[Work item]: Print the lines exactly. Start at the first line of the material below, end with the line that contains "摆脱传统的课本教材,以提升交", and skip all pictures.

[Supplied data]:
________________________________________

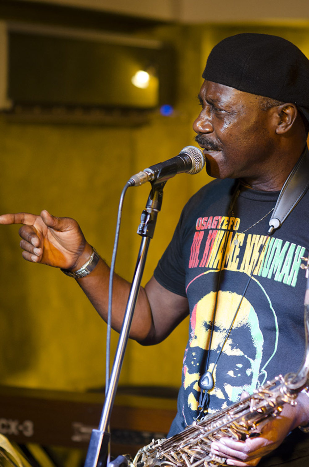Music is for sharing. The moment we stand on the stage, we are trying to share with the audience. The message has to move between the musicians and the audience. So when it happens like that, you and the audience all become one happy family and enjoy it. When I was in America, I went to jazz clubs and I feel that often the jazz musicians are more into themselves than into the audience. I think that needs to be changed. Highlife can do that.
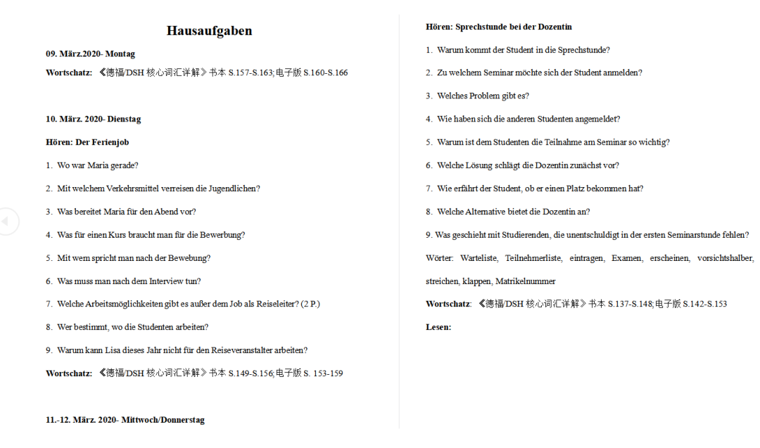 摆脱传统的课本教材,以提升交际会话能力和达到德语确认考要求的语言水平为教学目标,教师整合一套以电子文档、视频教学为主的符合B2德语语言水平的线上教材。
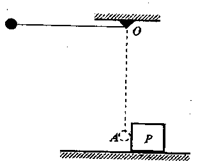 如图所示,质量为m的球系于长L=0.8m的轻绳末端,绳的另一端系于O点。将小球移到轻绳水平的位置后释放,小球摆到最低点A时,恰与原静止于水平面上的物体P相碰。碰后小球回摆,上升的最高点为B(图中未画出),A、B的高度差为h=0.20m。已知物体P的质量为M=3m,物体P与水平面间动摩擦因数,小球与P的相互作用时间极短,不计空气阻力,

________________________________________

[Written answer]:
Music is for sharing. The moment we stand on the stage, we are trying to share with the audience. The message has to move between the musicians and the audience. So when it happens like that, you and the audience all become one happy family and enjoy it. When I was in America, I went to jazz clubs and I feel that often the jazz musicians are more into themselves than into the audience. I think that needs to be changed. Highlife can do that.
 摆脱传统的课本教材,以提升交际会话能力和达到德语确认考要求的语言水平为教学目标,教师整合一套以电子文档、视频教学为主的符合B2德语语言水平的线上教材。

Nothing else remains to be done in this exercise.